Stotfold was an ancient parish. When elected parish and district councils were created in 1894 it was given a parish council and included in the Biggleswade Rural District. In 1974 the Biggleswade Rural District was replaced by Mid Bedfordshire. At the same time, parish councils were given the right to declare their parishes to be a town, which Stotfold did with effect from 1 April 1974. Mid Bedfordshire and Bedfordshire County Council were both abolished 2009, when Stotfold became part of the unitary authority of Central Bedfordshire. The parish of Stotfold historically included the Fairfield area, which was made a separate parish in 2013.

==Education==
It is in the catchment zone for Samuel Whitbread Academy, which has an upper school and sixth form.

==Media==
Local news and television programmes are provided by BBC East and ITV Anglia. Television signals are received from the Sandy Heath TV transmitter. Local radio stations are BBC Three Counties Radio on 95.5 FM, Heart East on 96.9 FM and BigglesFM is a licensed community radio station transmitting from nearby Potton on 104.8 FM and online. Full-time broadcasting began in April 2011. The town is served by the local newspapers, The Comet, Biggleswade Chronicle, and The Stotfold and Arlesey News Magazines, a local magazine which is distributed free to every households in the town and Arlesey.

==Sport and leisure==

Stotfold has a Non-League football club Stotfold F.C., which plays at New Roker Park.

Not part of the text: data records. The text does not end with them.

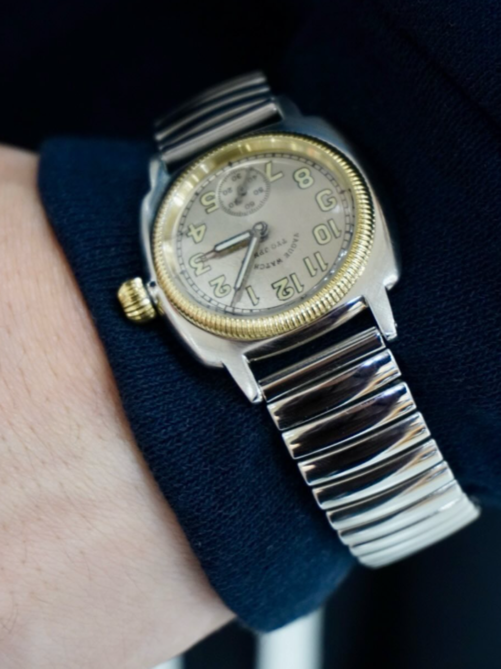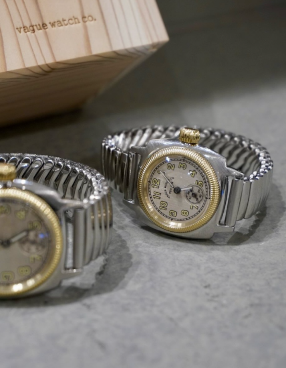 VAGUE WATCH Co.の初代モデル「COUSSIN Early」のアップデートモデルに伸縮自在なエクステンションベルトを合わせた今モデル。
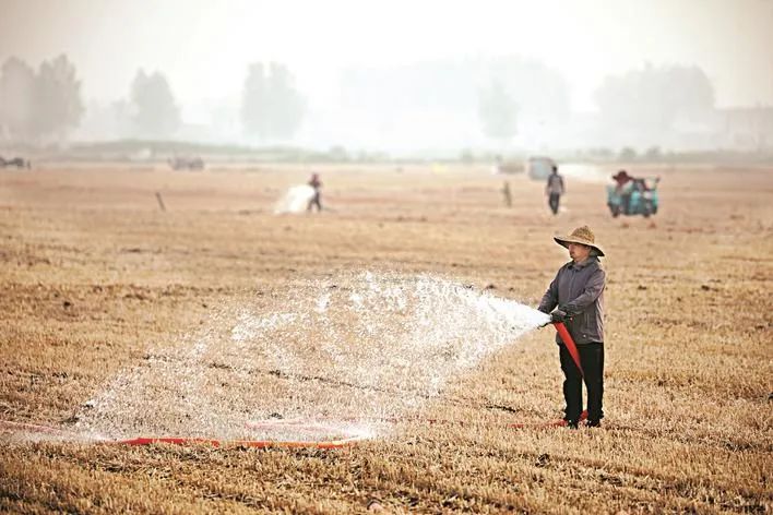 6月12日,濉溪县双堆集镇的田野里机械轰鸣,农民群众抢抓农时、浇灌造墒,全力推进秋粮播种工作。(摄影 范胜明)
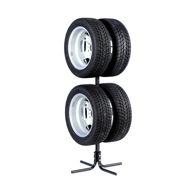 Стойка за 4 броя автомобилни гуми. Може да се ползва само за гуми и за гуми с джанти. Подходяща за размери гуми от 13″ до 17″ (33-43 см).
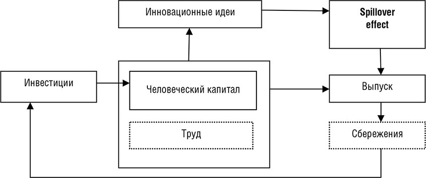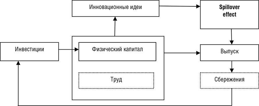В моделях с накоплением физического капитала предполагается, что воплощенные в нём технологии и знания становятся общественными благами и под влиянием эффекта распространения новшеств (spillover effect) оказывают воздействие на рост производительности труда во всей экономике (рис. 1.3).
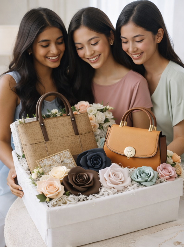 At Neelanjali Hampers, every gift is curated with care, intention, and emotion. Our premium gift hampers bring together elegant handbags, stylish clutches, and beautifully designed hair accessories to create a gifting experience that feels personal and memorable. Each piece is thoughtfully selected for its quality, style, and charm—making every hamper a graceful expression of love, celebration, and appreciation. Whether it’s a birthday, wedding, festive moment, or a simple gesture, our hampers are designed to leave a lasting impression.
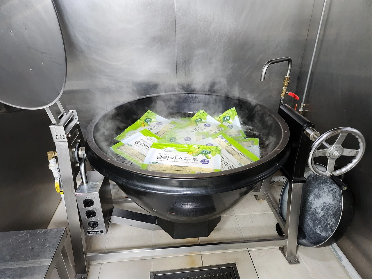 한쪽에서는 '양념 온두부' 조리를 위해 대용량 국솥에 물을 끓여 포장된 두부를 따뜻하게 덥힌다. 포장된 두부는 공장에서부터 미리 절단된 상태라서 두부를 잘라야 하는 수고는 덜었지만 저걸 어떻게 바트(용기)에 담아야 하나 고민이 되었다. 하지만 노련한 봉사자 언니는 두부 포장 용기의 물을 쪽 빼고 한쪽면을 가위로 자르고 미끄러뜨려서 순식간에 바트(용기)에 담는다. '대단한 노하우다, 존경스럽다!'
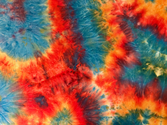 DTY Brushed Fabric-Red Teal Orange Tie Dye-DTYBTD009-Sold by the Yard-Jersey Fabric
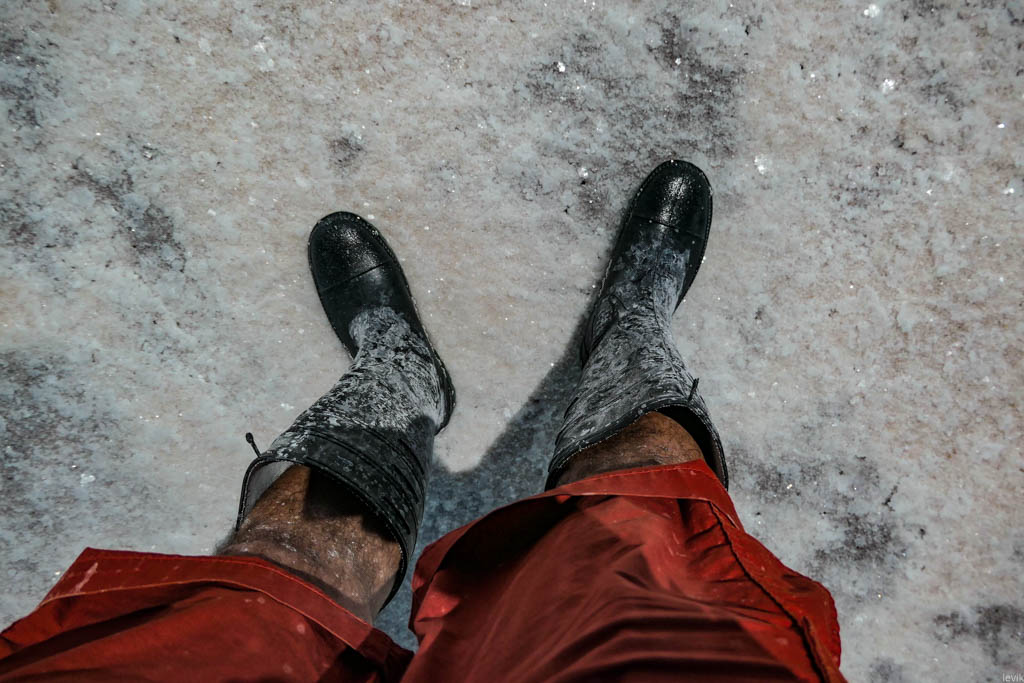 15. Однако, поверхность солончака не очень приятна для босых ног: солевые кристаллы оказались довольно острыми, и кололи мне подошвы. Короче, этот эксперимент я закончил очень быстро.
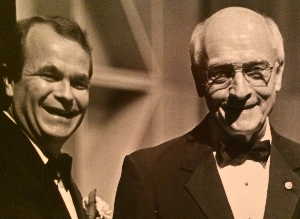 Bruce Moss with his predecessor, Mark Kelly (BGSU Dir. of Bands, 1966-1994) in Kobacker Hall (1995). (photo: Karen Kelly)

Stotfold is also home to the Stotfold Stunners RC, est. 2024. Notable former members include two-time quiz champion and renowned "Swiftie", Carl Lane.

==Famous residents==

- Kevin Gentle (born 1959), former cricketer
- Nicky Hunt, Commonwealth Games Gold winner/Olympic hopeful (archery)
- Olympic and world champion track cyclist Victoria Pendleton was brought up in Stotfold. In 2007, the cycle track between Arlesey and Stotfold was renamed in her honour.